◆ EXERCISE INSTRUCTIONS ◆
Please return the listing below exactly, without any of its pictures.

◆ PROVIDED MATERIAL ◆
━━━━━━━━━━━━━━━━━━━━━━━━━━━━━━
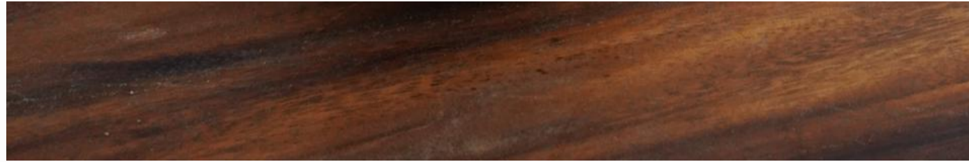
Fine dining at SantAnna beach club, Mykonos.

It also helps that the spot is entirely open and fresh due to the Mykonos breeze. This makes it easy for visitors to stay socially distanced even when they are eating or swimming without face masks.
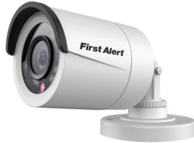
IR Bullet Camera*
━━━━━━━━━━━━━━━━━━━━━━━━━━━━━━
◆ RESPONSE BOX ◆
Fine dining at SantAnna beach club, Mykonos.

It also helps that the spot is entirely open and fresh due to the Mykonos breeze. This makes it easy for visitors to stay socially distanced even when they are eating or swimming without face masks.
IR Bullet Camera*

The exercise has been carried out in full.